*Work to complete:* Pictures stay out; everything else in the records below gets copied exactly.

*Source material:*
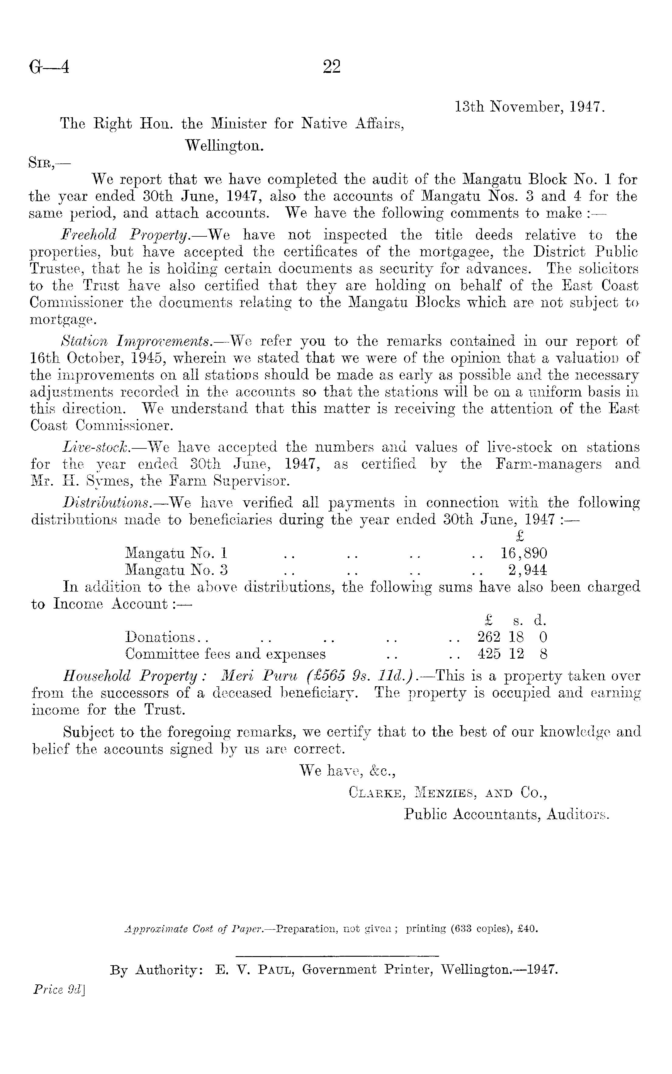 13th November, 1947. The Right Hon. the Minister for Native Affairs, Wellington. Sir, — We report that we have completed the audit of the Mangatu Block No. 1 for the year ended 30th June, 1947, also the accounts of Mangatu Nos. 3 and 4 for the same period, and attach accounts. We have the following comments to make : Freehold Property.—We have not inspected the title deeds relative to the properties, but have accepted the certificates of the mortgagee, the District Public Trustee, that he is holding certain documents as security for advances. The solicitors to the Trust have also certified that they are holding on behalf of the East Coast Commissioner the documents relating to the Mangatu Blocks which are not subject to mortgage. Station Improvements.—We refer you to the remarks contained in our report of 16th October, 1945, wherein we stated that we were of the opinion that a valuation of the improvements on all stations should be made as early as possible and the necessary adjustments recorded in the accounts so that the stations will be on a uniform basis in this direction. We understand that this matter is receiving the attention of the East Coast Commissioner. Live-stock. —We have accepted the numbers and values of live-stock on stations for the year ended 30th June, 1947, as certified by the Farm-managers and Mr. H. Symes, the Farm Supervisor. Distributions. —We have verified all payments in connection with the following distributions made to beneficiaries during the year ended 30th June, 1947 : £ Mangatu No. 1 .. .. .. .. 16,890 Mangatu No. 3 .. .. .. .. 2,944 In addition to the above distributions, the following sums have also been charged to Income Account:— £ s. d. Donations.. .. .. .. .. 262 18 0 Committee fees and expenses .. .. 425 12 8 Household Property : Meri Puru (£565 9s. lid.). —This is a property taken over from the successors of a deceased beneficiary. The property is occupied and earning income for the Trust. Subject to the foregoing remarks, we certify that to the best of our knowledge and belief the accounts signed by us are correct. We have, &c., Clarke, Menzies, and Co., Public Accountants, Auditors.
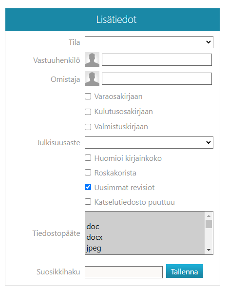 Voit hakea ja suodattaa dokumentteja päätiedoston nimen päätteen (.xls, .xlsx, .vxm jne) mukaan.
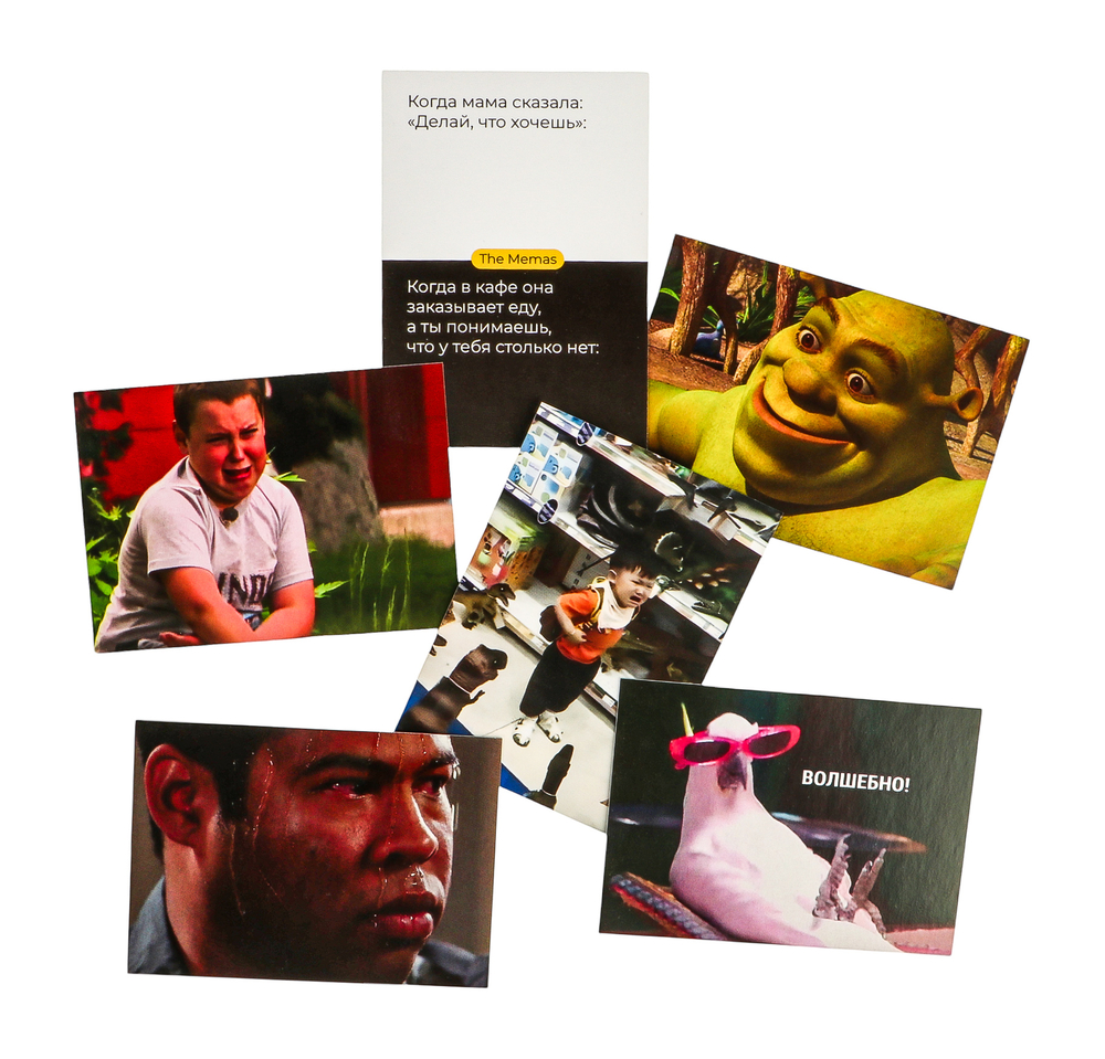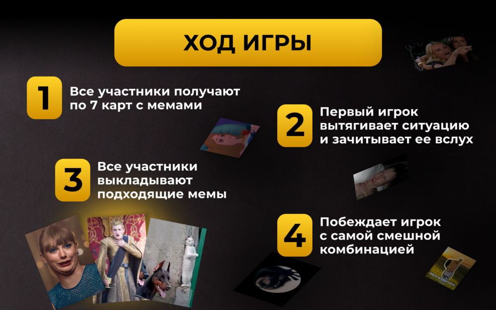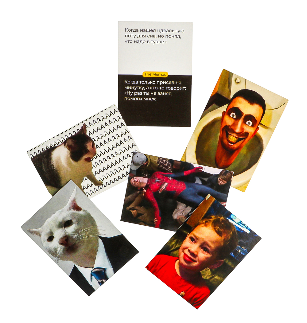 Суть проста: ведущий тянет карточку с ситуацией, а другие игроки подбирают к ней самый смешной мем. Побеждает тот, чье комбо заставит всех смеяться до слёз!
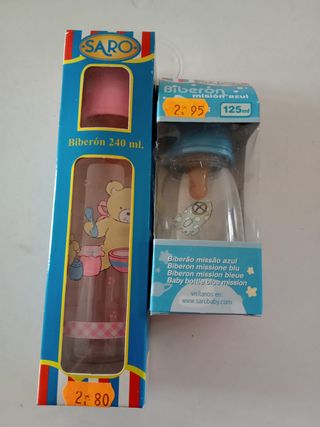 Se venden dos biberones de la marca Saro, uno de 240 ml y otro de 125 ml. - Procedente de cierre de negocio. - Biberón Saro de 240 ml con diseño infantil. - Biberón Saro de 125 ml en color azul. - Aptos para uso infantil.
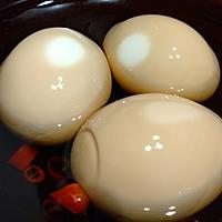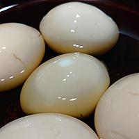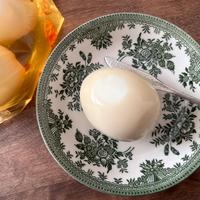 - 3 卵の殻をむき、ボウルに入れ、2を注ぎ入れラップをし、味が染みるまで冷蔵庫に入れて30分程置き漬けこみます。
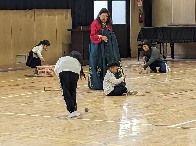講堂で民族クラブの活動を行いました。今日はいろいろな遊びをしました。寒い日だったのですが、体を動かして、暖かかったです。チェギやペンイ・独楽やリングを使って楽しみました。

*Answer box:*
 13th November, 1947. The Right Hon. the Minister for Native Affairs, Wellington. Sir, — We report that we have completed the audit of the Mangatu Block No. 1 for the year ended 30th June, 1947, also the accounts of Mangatu Nos. 3 and 4 for the same period, and attach accounts. We have the following comments to make : Freehold Property.—We have not inspected the title deeds relative to the properties, but have accepted the certificates of the mortgagee, the District Public Trustee, that he is holding certain documents as security for advances. The solicitors to the Trust have also certified that they are holding on behalf of the East Coast Commissioner the documents relating to the Mangatu Blocks which are not subject to mortgage. Station Improvements.—We refer you to the remarks contained in our report of 16th October, 1945, wherein we stated that we were of the opinion that a valuation of the improvements on all stations should be made as early as possible and the necessary adjustments recorded in the accounts so that the stations will be on a uniform basis in this direction. We understand that this matter is receiving the attention of the East Coast Commissioner. Live-stock. —We have accepted the numbers and values of live-stock on stations for the year ended 30th June, 1947, as certified by the Farm-managers and Mr. H. Symes, the Farm Supervisor. Distributions. —We have verified all payments in connection with the following distributions made to beneficiaries during the year ended 30th June, 1947 : £ Mangatu No. 1 .. .. .. .. 16,890 Mangatu No. 3 .. .. .. .. 2,944 In addition to the above distributions, the following sums have also been charged to Income Account:— £ s. d. Donations.. .. .. .. .. 262 18 0 Committee fees and expenses .. .. 425 12 8 Household Property : Meri Puru (£565 9s. lid.). —This is a property taken over from the successors of a deceased beneficiary. The property is occupied and earning income for the Trust. Subject to the foregoing remarks, we certify that to the best of our knowledge and belief the accounts signed by us are correct. We have, &c., Clarke, Menzies, and Co., Public Accountants, Auditors.
 Voit hakea ja suodattaa dokumentteja päätiedoston nimen päätteen (.xls, .xlsx, .vxm jne) mukaan.
 Суть проста: ведущий тянет карточку с ситуацией, а другие игроки подбирают к ней самый смешной мем. Побеждает тот, чье комбо заставит всех смеяться до слёз!
 Se venden dos biberones de la marca Saro, uno de 240 ml y otro de 125 ml. - Procedente de cierre de negocio. - Biberón Saro de 240 ml con diseño infantil. - Biberón Saro de 125 ml en color azul. - Aptos para uso infantil.
 - 3 卵の殻をむき、ボウルに入れ、2を注ぎ入れラップをし、味が染みるまで冷蔵庫に入れて30分程置き漬けこみます。
講堂で民族クラブの活動を行いました。今日はいろいろな遊びをしました。寒い日だったのですが、体を動かして、暖かかったです。チェギやペンイ・独楽やリングを使って楽しみました。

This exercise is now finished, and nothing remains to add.